Fizyka na poziomie abstrakcji Einsteina uczy, że przestrzeń wokół nas może być n-wymiarowa. Długość, szerokość i wysokość w połączeniu z czasem to pestka. Przykładowe 27 kolejnych wymiarów, które byłyby trudne nawet do wyobrażenia sobie do celów teoretycznych, ma z powodzeniem istnieć wokół nas, przenikać nasz świat i oferować wrażenia, których istnienia nie jesteśmy świadomi. Na tej relatywistyczno-zaawansowanej fizyce kończą się równoległe wersje rzeczywistości, jakie istnieją na świecie.
Wiele wyników
Nie ma ich więcej niż jedna, ta, w której żyjemy. Po czwartkowej debacie kandydatów na prezydenta mamy do wyboru kolejne wersje wyniku ich zmagań. Remis ze wskazaniem na, wygrana w czasie doliczonym, przewaga pierwszego (znaczna/nieznaczna), pokonanie tremy drugiego (szybsze/późniejsze) – każdy może wybrać coś dla siebie. Jednak nic bardziej błędnego w takich opisach. Wersja rzeczywistości wydarzyła się i będzie się dziać tylko w jednym wymiarze.
Andrzej Duda nie był ani bardziej skupiony na merytorycznych argumentach odnośnie pomagania frankowiczom, ani mniej stremowany pod koniec starcia w TVN. Wciąż raził swoją sztucznością, plastikiem oraz powtarzaniem tych samych argumentów. Te same wyrazy wypowiadane w tej samej kolejności. W jego wykonaniu nie jest to pojedynek na merytoryczne hasła, ale na recytowanie wiersza z zaangażowaniem na poziomie pierwszoklasisty. Prezydent Bronisław Komorowski potrafił, jak zresztą za każdym razem udowadniał to przy okazji swoich wystąpień, odnosić się na bieżąco do tego, co słyszał od Dudy i do poziomu jego zarzutów. W odpowiedzi mógł usłyszeć jedynie naburmuszone dziecko, które sięga po hasła budzące jeszcze większą litość niż wcześniej wyuczone na pamięć wierszyki.
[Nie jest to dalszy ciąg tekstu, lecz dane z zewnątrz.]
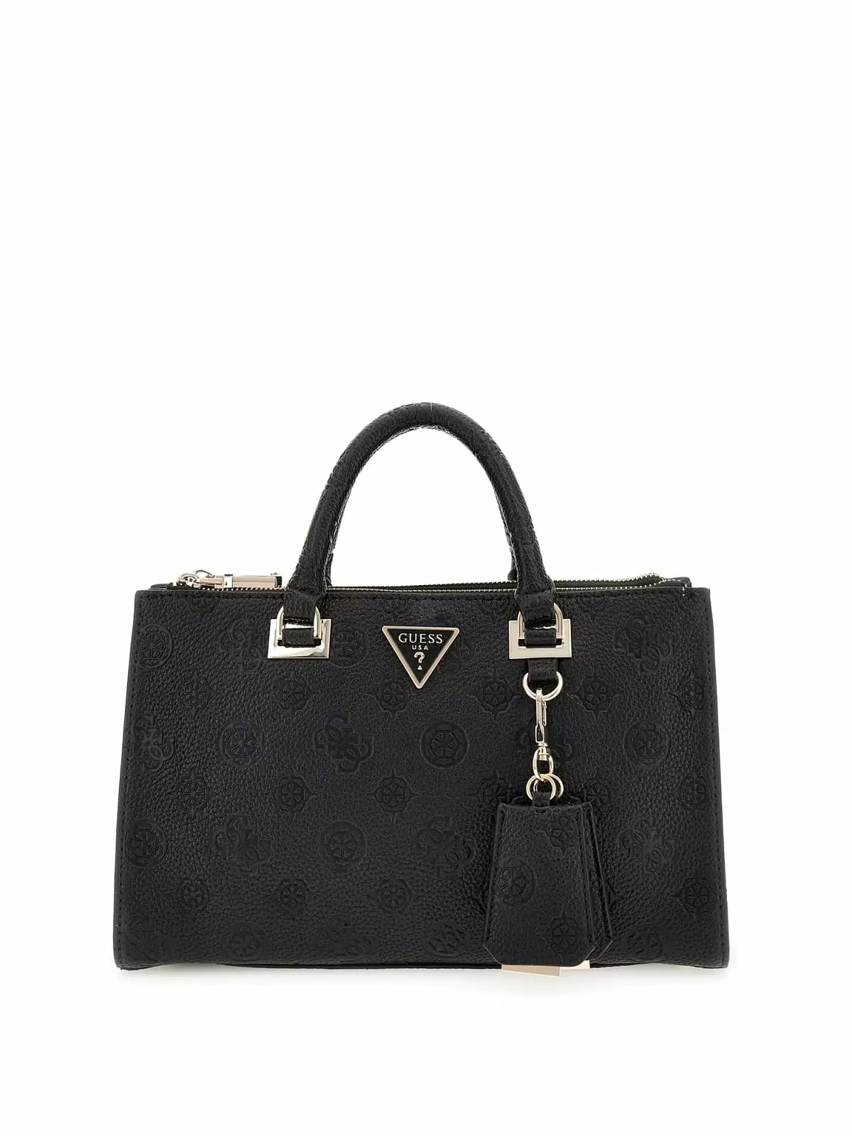 En svart präglad Guess-väska, tack vare flera olika fickor förblir dina saker snyggt organiserade!

Z ocenianiem poziomu kandydatów w debatach jest jak z posiadaniem psów. Nie mając ich przyjmuje się, że każdy pies jest do głaskania, zaczepiania na ulicy i że można bezkarnie gwizdać sobie na te mijane po drodze. Jeżeli się sprawi sobie własnego, świat zmienia się diametralnie. Nagle okazuje się, że dla 99,99 proc. szczeniaczków zaczepianie na ulicy powoduje nastrój niezrozumiałej szczęśliwości, który potem skutkuje tym, że jako dorosłe, kilkunastokilogramowe psy nie dają się utrzymać na smyczy na widok ludzi. Każdego człowieka. Gwizdanie i zaczepianie naszego zwierzaka przez kompletnie przypadkowe osoby wyrywa psa ze stanu skupienia na nas i dezorganizuje mu chodzenie przy nodze. Sami gwiżdżący i zaczepiający robią to w większości przypadków ze zwykłej nudy, zazdrości, braku zastanowienia i mają takie zachowanie wbudowane jako coś, co robić się powinno (najbardziej absurdalny przypadek, gdy na nieswojego psa gwiżdże para młodych ludzi biegnąca jednocześnie na autobus).
Wersja świata z psem
Jeżeli nie dajemy się tak innym spoufalać z psem, wychodzimy automatycznie na dziwaka. Nie na osobę, która chce z psem ćwiczyć i konsekwentnie dbać o jego rozwój, ale na aspołecznego odludka czepiającego się wszystkiego i wszystkich. Na horyzoncie spacerów z własnym psem pojawia się wcześniej niewidziane zagrożenie – inni właściciele psów. Ci są najgorsi, ponieważ ponownie na 99,99 proc. przypadków żaden z nich nie chodzi z psem na kurs posłuszeństwa i ma do dyspozycji zwierzaka o nietłumionym instynkcie. W praktyce jest to pies ciągnący na smyczy do granic jej wytrzymałości, wyrywający się na widok innych (nie tylko psów, ale czasem także i ludzi) oraz chcący mieć ustawową możliwość bawienia się z każdym reprezentantem swojego gatunku. Bo tak. Kiedy schodzimy z drogi takiej parze, czasami po chwili okazuje się, że i tak idą za nami. Kiedy decydujemy się w końcu powiedzieć grzecznie, że nasz pies nie ma zamiaru bawić się z tym spotkanym, zostajemy ofuknięci i dodatkowo obgadani niezrozumiałym pomrukiem spod nosa.